Stored data:
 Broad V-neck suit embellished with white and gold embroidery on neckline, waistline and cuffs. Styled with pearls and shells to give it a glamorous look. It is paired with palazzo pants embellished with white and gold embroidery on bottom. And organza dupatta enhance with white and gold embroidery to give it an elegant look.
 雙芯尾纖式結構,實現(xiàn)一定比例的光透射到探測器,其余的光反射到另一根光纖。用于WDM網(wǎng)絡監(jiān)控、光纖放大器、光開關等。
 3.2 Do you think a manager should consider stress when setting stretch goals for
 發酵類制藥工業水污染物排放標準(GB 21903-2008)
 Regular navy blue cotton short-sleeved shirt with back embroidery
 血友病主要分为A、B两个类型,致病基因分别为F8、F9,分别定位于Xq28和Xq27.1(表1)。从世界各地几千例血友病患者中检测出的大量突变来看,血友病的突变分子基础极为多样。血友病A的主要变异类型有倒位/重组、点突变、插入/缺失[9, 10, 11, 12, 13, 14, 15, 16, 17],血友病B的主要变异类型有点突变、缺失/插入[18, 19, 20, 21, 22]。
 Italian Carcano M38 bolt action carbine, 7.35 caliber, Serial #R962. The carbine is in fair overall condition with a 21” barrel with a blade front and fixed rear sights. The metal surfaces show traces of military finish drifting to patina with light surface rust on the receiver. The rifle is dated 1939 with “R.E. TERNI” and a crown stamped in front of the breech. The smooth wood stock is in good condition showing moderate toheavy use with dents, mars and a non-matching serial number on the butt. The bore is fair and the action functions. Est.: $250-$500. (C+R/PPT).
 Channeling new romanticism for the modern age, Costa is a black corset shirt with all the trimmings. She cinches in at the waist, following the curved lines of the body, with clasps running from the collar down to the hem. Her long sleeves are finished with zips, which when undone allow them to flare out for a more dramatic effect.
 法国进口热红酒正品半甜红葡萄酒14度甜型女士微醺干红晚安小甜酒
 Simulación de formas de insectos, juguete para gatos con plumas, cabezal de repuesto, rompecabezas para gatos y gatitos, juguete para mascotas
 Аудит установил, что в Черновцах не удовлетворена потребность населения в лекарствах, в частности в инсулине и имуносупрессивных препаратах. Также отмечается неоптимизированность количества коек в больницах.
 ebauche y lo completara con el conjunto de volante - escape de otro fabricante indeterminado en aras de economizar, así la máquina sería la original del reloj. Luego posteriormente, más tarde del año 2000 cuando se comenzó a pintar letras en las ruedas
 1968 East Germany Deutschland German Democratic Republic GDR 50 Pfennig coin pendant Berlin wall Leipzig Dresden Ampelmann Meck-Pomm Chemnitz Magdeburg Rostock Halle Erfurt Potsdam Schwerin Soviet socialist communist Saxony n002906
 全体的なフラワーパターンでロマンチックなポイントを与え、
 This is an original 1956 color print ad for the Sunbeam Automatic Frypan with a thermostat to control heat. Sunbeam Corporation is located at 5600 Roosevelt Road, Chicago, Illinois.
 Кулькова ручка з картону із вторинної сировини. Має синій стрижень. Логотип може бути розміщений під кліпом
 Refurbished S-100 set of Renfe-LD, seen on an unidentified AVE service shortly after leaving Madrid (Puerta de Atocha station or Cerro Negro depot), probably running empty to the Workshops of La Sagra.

Aim of the task: From the line containing "ebauche y lo" to the final line of the entries, print every line exactly and nothing else.

Solution to this task:
 ebauche y lo completara con el conjunto de volante - escape de otro fabricante indeterminado en aras de economizar, así la máquina sería la original del reloj. Luego posteriormente, más tarde del año 2000 cuando se comenzó a pintar letras en las ruedas
 1968 East Germany Deutschland German Democratic Republic GDR 50 Pfennig coin pendant Berlin wall Leipzig Dresden Ampelmann Meck-Pomm Chemnitz Magdeburg Rostock Halle Erfurt Potsdam Schwerin Soviet socialist communist Saxony n002906
 全体的なフラワーパターンでロマンチックなポイントを与え、
 This is an original 1956 color print ad for the Sunbeam Automatic Frypan with a thermostat to control heat. Sunbeam Corporation is located at 5600 Roosevelt Road, Chicago, Illinois.
 Кулькова ручка з картону із вторинної сировини. Має синій стрижень. Логотип може бути розміщений під кліпом
 Refurbished S-100 set of Renfe-LD, seen on an unidentified AVE service shortly after leaving Madrid (Puerta de Atocha station or Cerro Negro depot), probably running empty to the Workshops of La Sagra.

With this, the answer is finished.